TEN Music Group is a Swedish independent record label headquartered in Stockholm, Sweden. The label was founded by Ola Håkansson in 2003.

History
The company was founded by Swedish singer, composer and producer, Ola Håkansson in 2003, in Stockholm, Sweden.

Håkansson originally founded Stockholm Records in 1992 with Alexander Bard as a joint venture with distributor, PolyGram. In 1998, Håkansson and Bard sold their shares in Stockholm Records to Universal Music Group, who had purchased Stockholm's distributor, PolyGram in 1995.

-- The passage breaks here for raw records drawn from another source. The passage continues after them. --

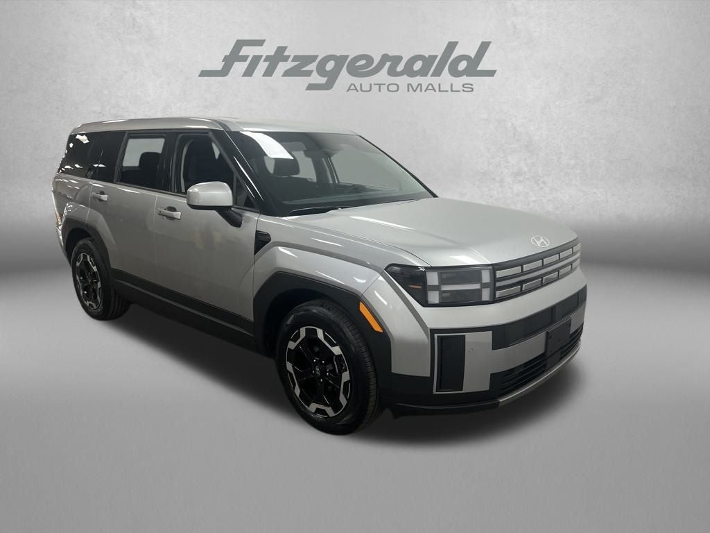 2025 Hyundai Santa Fe Shimmering Silver Pearl SE FWD Shiftronic 2.5L I4 Black Cloth, 18 x 7.5J Alloy Wheels, 3rd row seats: bench, 4-Wheel Disc Brakes, 6 Speakers, ABS brakes, Air Conditioning, Alloy wheels, AM/FM radio: SiriusXM, Apple CarPlay & Android Auto, Auto High-beam Headlights, Brake assist, Bumpers: body-color, Cargo Tray, Carpeted Floor Mats, Delay-off headlights, Driver door bin, Driver vanity mirror, Dual front impact airbags, Dual front side impact airbags, Electronic Stability Control, Emergency communication system, Exterior Parking Camera Rear, First Aid Kit, Four wheel independent suspension, Front anti-roll bar, Front Bucket Seats, Front Center Armrest, Front reading lights, Fully automatic headlights, Heated door mirrors, Illuminated entry, Knee airbag, Leather steering wheel, Low tire pressure warning, Occupant sensing airbag, Option Group 01, Outside temperature display, Overhead airbag, Overhead console, Panic alarm, Passenger door bin, Passenger vanity mirror, Power door mirrors, Power Liftgate, Power steering, Power windows, Radio: AM/FM/HD Display Audio, Rear anti-roll bar, Rear seat center armrest, Rear side impact airbag, Rear window defroster, Rear window wiper, Remote keyless entry, Security system, Speed control, Speed-sensing steering, Split folding rear seat, Spoiler, Steering wheel mounted audio controls, Tachometer, Telescoping steering wheel, Tilt steering wheel, Tow Hitch, Traction control, Trip computer, Variably intermittent wipers, YES Essentials Stain-Resistant Cloth Seat Trim.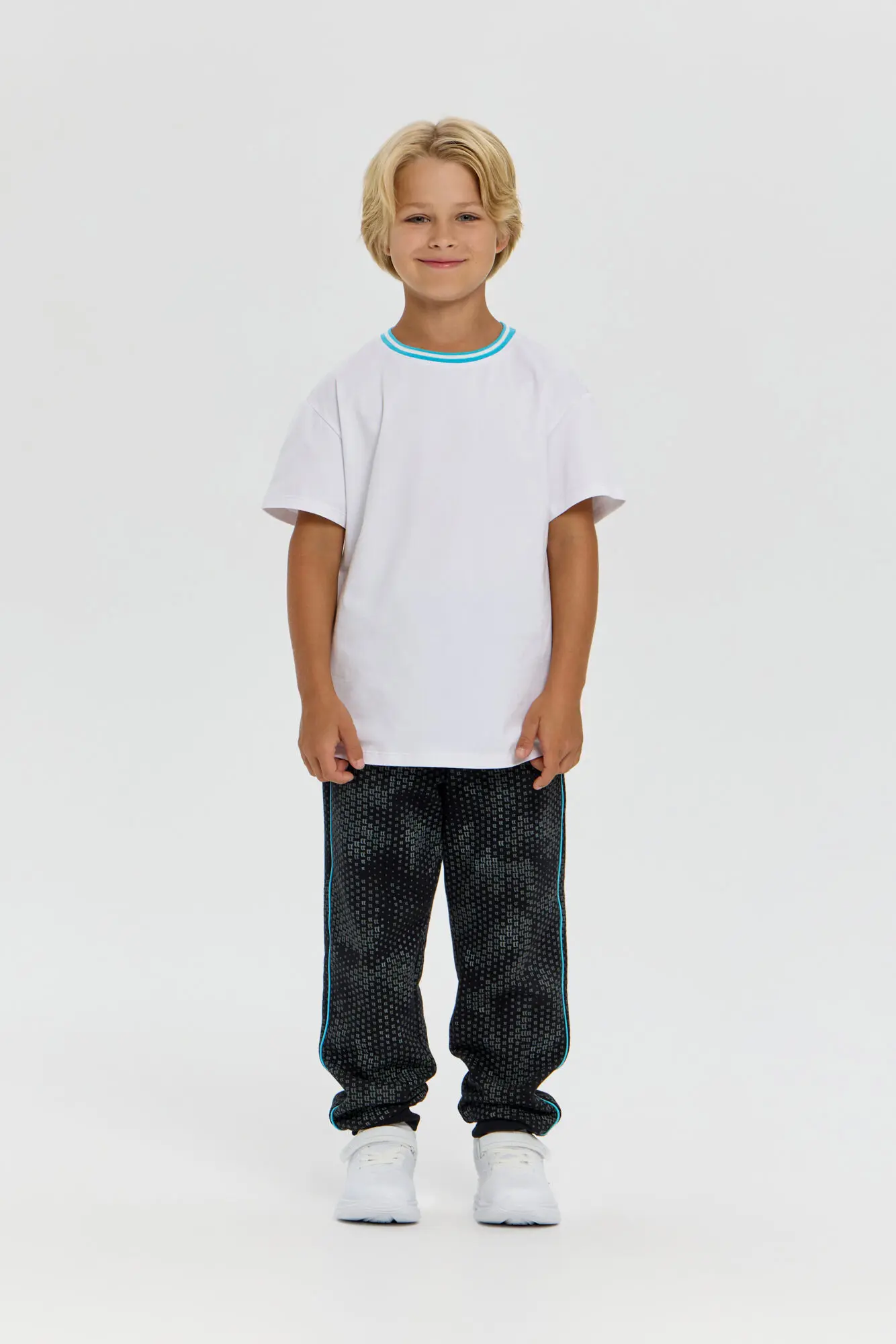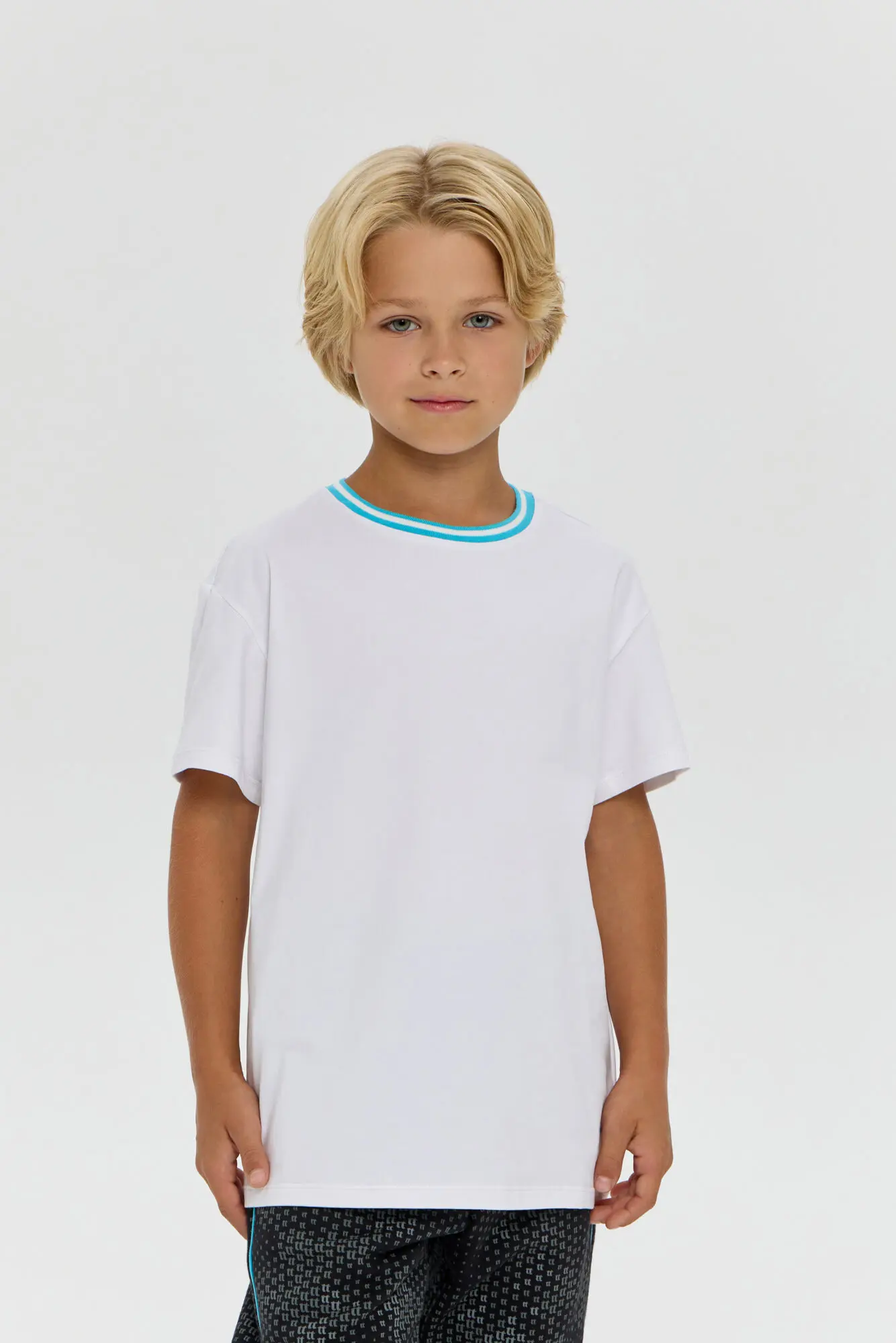 Футболка белого цвета послужит основой для создания различных образов в гардеробе мальчика. Модель выполнена из воздухопроницаемого и лёгкого материала оптимального для спортивных тренировок и подвижных игр ... на свежем воздухе, а наличие эластана гарантирует сохранение первоначального вида даже после активной эксплуатации и стирок. Прямой силуэт не сковывает движения, а нейтральный белый оттенок позволяет без труда сочетать футболку с любыми брюками или шортами.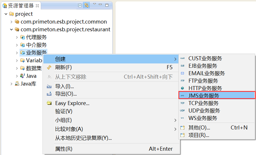 在资源管理器中,在新建的业务Module“com.primeton.esb.project.restaurant”的“业务服务”上,鼠标右键选择“创建 > JMS业务服务”,创建JMS业务服务,如下图所示。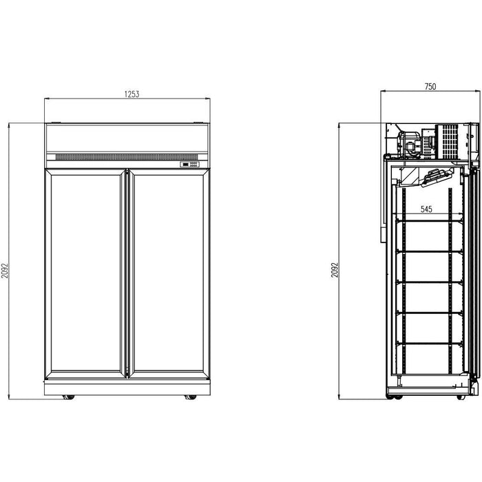 Mobile Yes Lockable No Type of cooling Ventilated Lighting Yes, LED Number of doors 2 Dim. interior WxDxH (mm) 1163x545x1569 Dimensions light box WxH (mm) 1253x280 Insulation thickness (mm) 45 Power consumption (Kw/24h) 5,2 Net Capacity (Ltr) 1000 Defrost Automatic Noise level (dB) 60 Max. ambient temperature (°C) 38 Voltage (Volt) 230 Gross Weight (kg) 202 Accessories included 4 castors and 10 grids with clips and price card holders Color White Electrical power (kW) 0,48 Height (mm) 2092 Depth (mm) 710 Width (mm) 1253 EAN code 7435137867890 Number of grids 10 Max. grid load (kg) 30 Guides distance (mm) 90 Number of guide pairs 3 per door Cooling agent R 290 Temperature range (°C) 0/+10

In 2003, the company was founded as a publishing and production company which employed ex-Stockholm Records' songwriters and producers. In 2007, Håkansson turned the company into an independent record label, publishing, songwriting, management and production house, known as a 360-degree company, drawing inspiration from the business structures of Atlantic Records, Island and Motown.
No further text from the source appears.